Appraisal: Sherfinski and Chesanko present their findings in a very balanced manner. While they admit that they are “liberal feminists and public school advocates,” they are extremely careful to look at the issue from different viewpoints (p. 9). It can be weird sometimes when they use the family’s staircase or dining room as metaphors to analyze the family’s situation, but these unique methods of analysis arose from a desire to present their findings in an unbiased manner.

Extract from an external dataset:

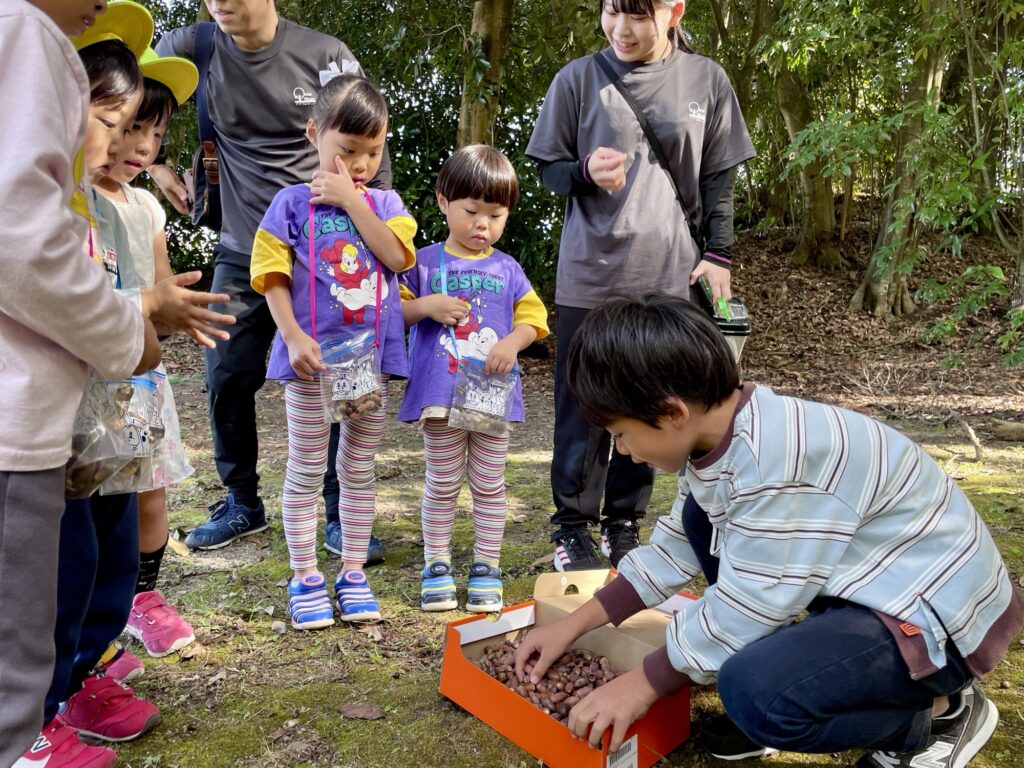 秋の陽ざしがぽかぽかと心地よい日、こどもたちは公園へどんぐり拾いに出かけました。 「ここにあったよー!」と見つけたどんぐりを見せ合いながら、形や色の違いを楽しむこどもたちの表情は、とってもいきいき そんな中、偶然公園に来ていた小学生のお兄... -

Like Sherfinski’s last article, the writing and research quality are very strong; however, I believe that they should have done more to bring out the 500 pages of field notes and memos that they say they have. Their discussion was mostly limited to a few families rather than trying to draw out broad trends from all their research. If they have data on 12 families, they should give us some sort of quantitative breakdown of how many families ascribe to Quiverfull ideology, how many are more moderate, and so on. Though their sample is in no way representative of any broader population, it would still be nice to have a big-picture analysis that provides some generalizations, for then other researchers could test these generalizations on other samples to see if Sherfinski and Chesanko’s findings apply more broadly or if their subjects are outliers.